Technical Specifications
A technical specification is a written design artifact you use to think before coding, align stakeholders, and define what “done” means. It sits between Design Docs and Documentation.
- Should be broad enough to explain the problem and trade-offs, but precise enough that someone else can implement and operate the change.
- Start from the problem, not the implementation. Clarify the problem, context, goals, non-goals, assumptions, proposed solution, rollout, risks, and success metrics before you write code. The main value is forcing you to scope the work, expose edge cases early, and align reviewers.
- Make the spec precise where interfaces and operations matter.

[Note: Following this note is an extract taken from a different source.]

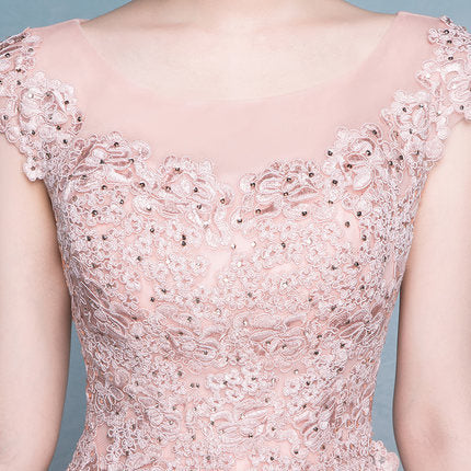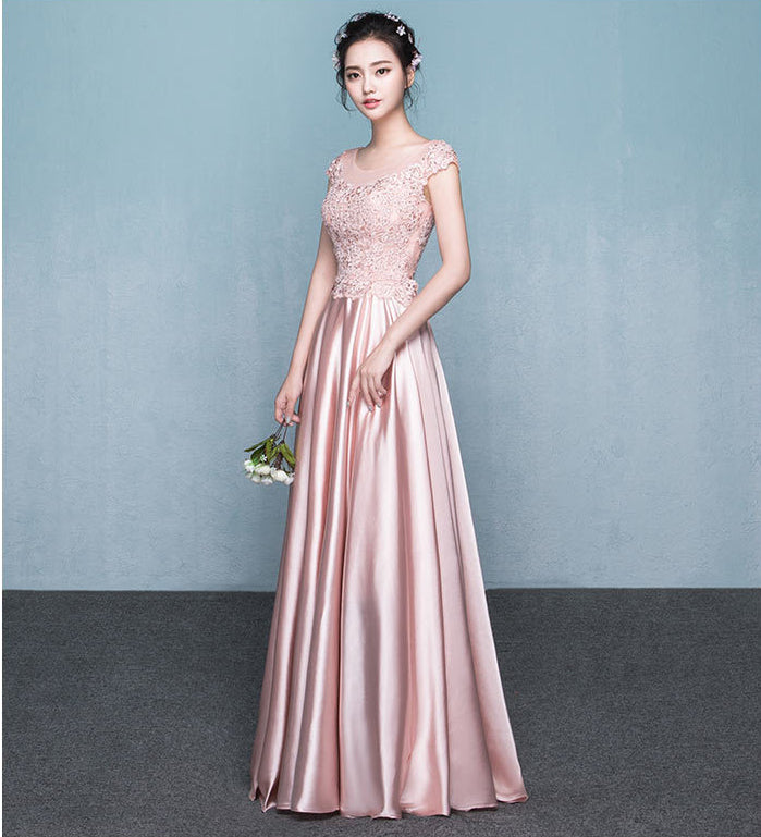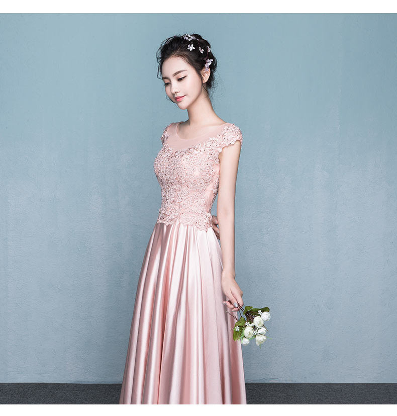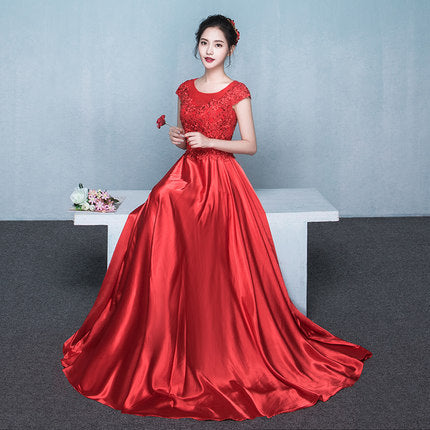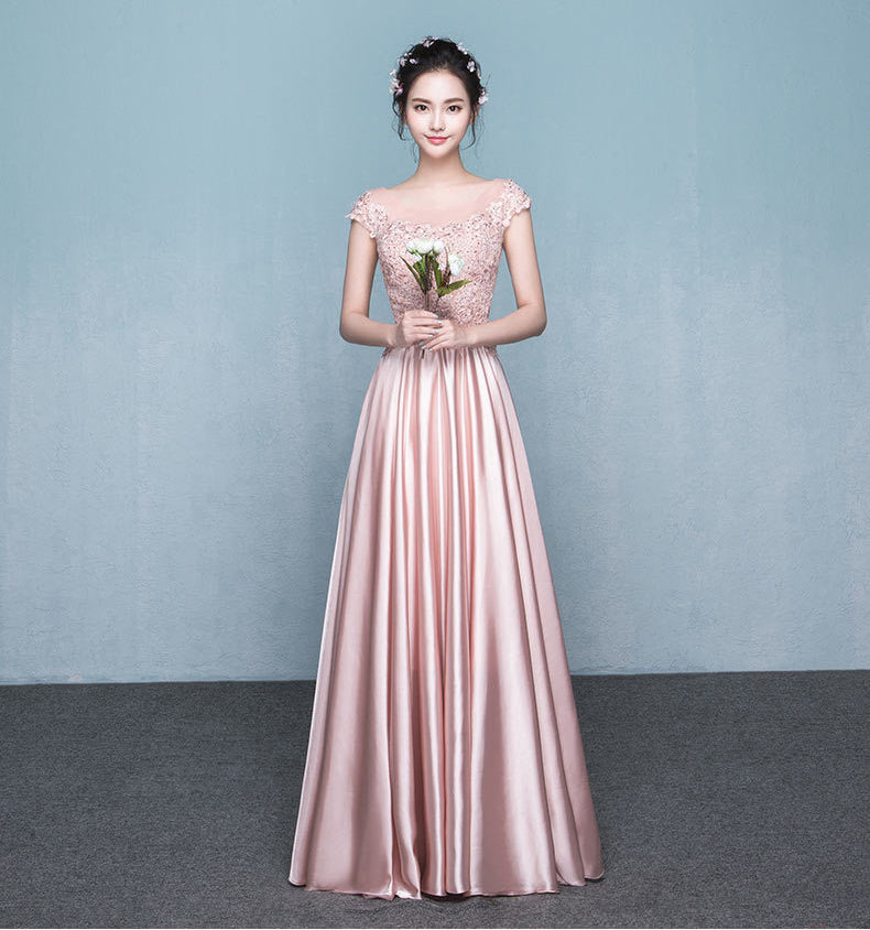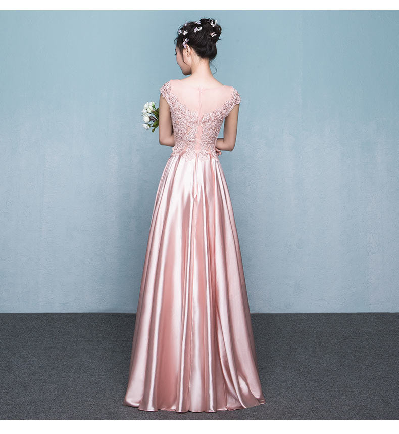 Amazing Sweet Women Round Neck Short Sleeves High Waist Evening Satin Gown Dress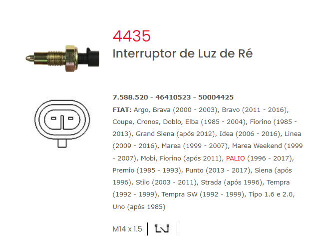 FIAT: Argo, Brava (2000 – 2003), Bravo (2011 – 2016), Coupe, Cronos, Doblo, Elba (1985 – 2004), Fiorino (1985 – 2013), Grand Siena (após 2012), Idea (2006 – 2016), Linea (2009 – 2016)...

- Use specs to minimise what a tired engineer has to hold in their head to make a correct change, while keeping the blast radius bounded.
- Once a spec is detailed enough to generate reliable software, it starts to look like code or pseudocode. Use specs to improve thinking and coordination, not to skip precision.
Key Sections
- Metadata. Add the title, authors, reviewers, status, dates, and linked tickets so the document has clear accountability and revision context.
- Problem Statement and Context. Explain the user or operational problem, why it matters, the relevant background, and the boundary of the system you are changing.
- Goals, non-goals, and assumptions. State what success includes, what is explicitly out of scope, and what conditions you rely on so reviewers can challenge scope early.
- System overview and architecture. Outline the main components, abstraction layers, dependencies, and how the pieces fit together before you dive into implementation detail.
- Domain model, interfaces, and invariants. Define the important entities, data shapes, APIs or contracts, state machines, and normalization rules precisely enough that implementers make the same decisions.
- Execution, failure, and safety model. Describe the main flows, failure modes, recovery behavior, trust boundaries, operational safety rules, and “who controls the input and how wide the blast radius is” for the system you are proposing.
- Test, rollout, and observability plan. Say how you will validate the change, measure it in production, deploy it, and roll it back if needed.
- Alternatives, risks, open questions, and definition of done. Record trade-offs, unresolved decisions, success metrics, milestones, and the checklist that marks the work complete.